Everyone has a role to play

There is a role to play for all who have a stake in commissioning, creating, financing or measuring social impact. Community organisations and other impact driven enterprises have a role in setting out indicators of the social value they create.  Asset managers can set an example and contribute to positive industry standards by measuring and reporting on impact.  Asset owners and investors can participate by asking for impact data alongside financial performance.  The academy and evaluation practitioners can contribute by segmenting the aspects of measurement practice and evaluation that is fit for purpose in different contexts and for different audiences: when do we need to understand whether something works to deliver the stated objectives and when do we need to know whether it meets a research gold standard and performs better than other approaches?

Moving Forward

Work is underway to develop impact measurement and management. The UN Sustainable Development Goals provide a set of universal objectives and targets providing focus on measurement in common areas across the globe, including from within the corporate and finance sectors.  Global leaders including the Global Impact Investing Network (GINN), Big Society Capital and Bridges Impact+ are already paving the way with taxonomies, frameworks and data.  Other groups including the likes of Social Impact Measurement Network here in Australia, are focussed on how to streamline and develop measurement practice.  The OECD is putting significant emphasis on data in the next phase of its work to build the evidence base for impact investment.

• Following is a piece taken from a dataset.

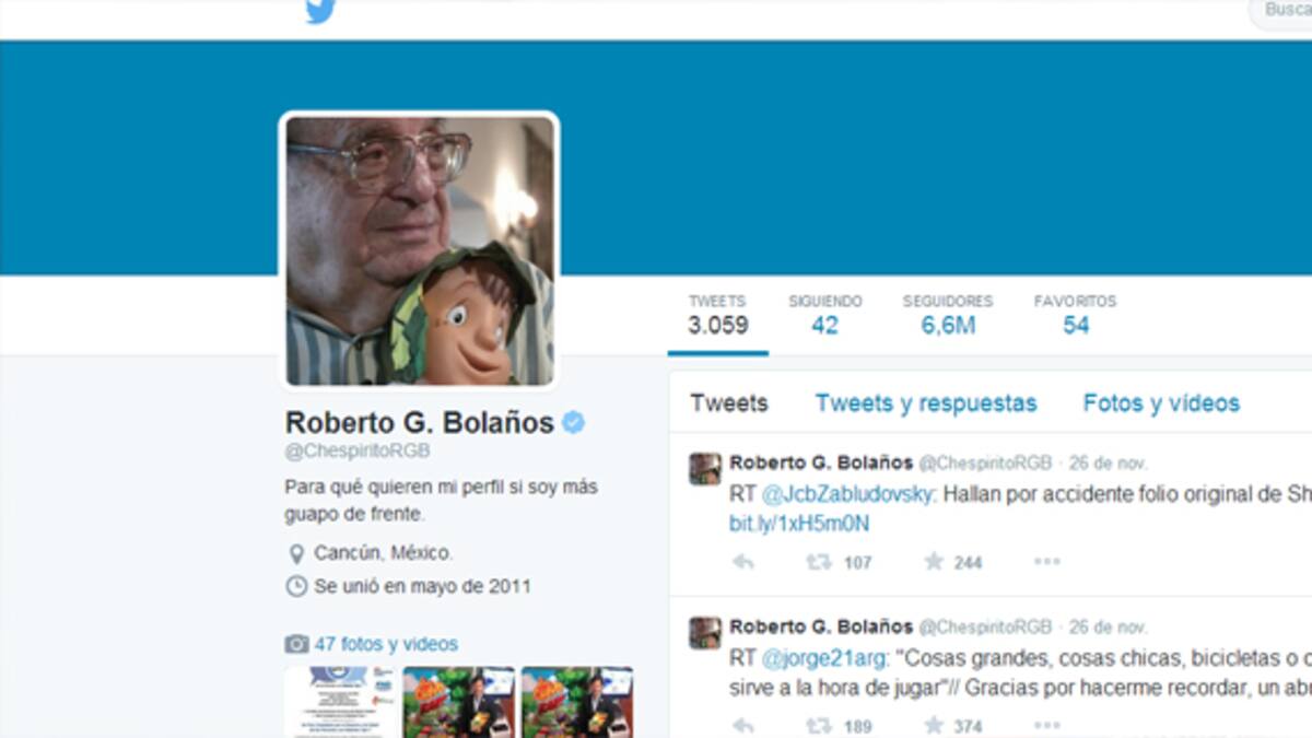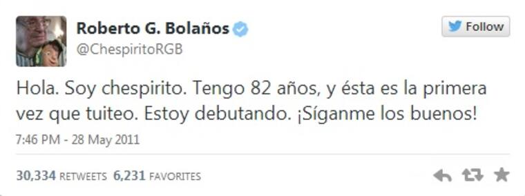 'Hola. Soy chespirito. Tengo 82 años, y ésta es la primera vez que tuiteo. Estoy debutando. ¡Síganme los buenos!'. Con ese mensaje, publicado el 28 de mayo del 2011, Roberto Gómez Bolaños empezaría su vida en Twitter, una red social que siempre demostró cariño a uno de los más grandes comediantes de la televisión latina.

Meaningful metrics and data are central to making the case for investment in impact and understanding the value that impact driven organisations are creating, and impact investments are enabling.  No doubt there is work to do and we can expect to see the field develop quickly from here.  Evolving data and practice will take time, just as accounting standards and modern investment theory took time to develop.  In the meantime, we cannot let the perfect be the enemy of the good.  We can use these early benchmarks to inform more action and refinements and continue to work toward measures that are good enough to proceed with confidence toward scale.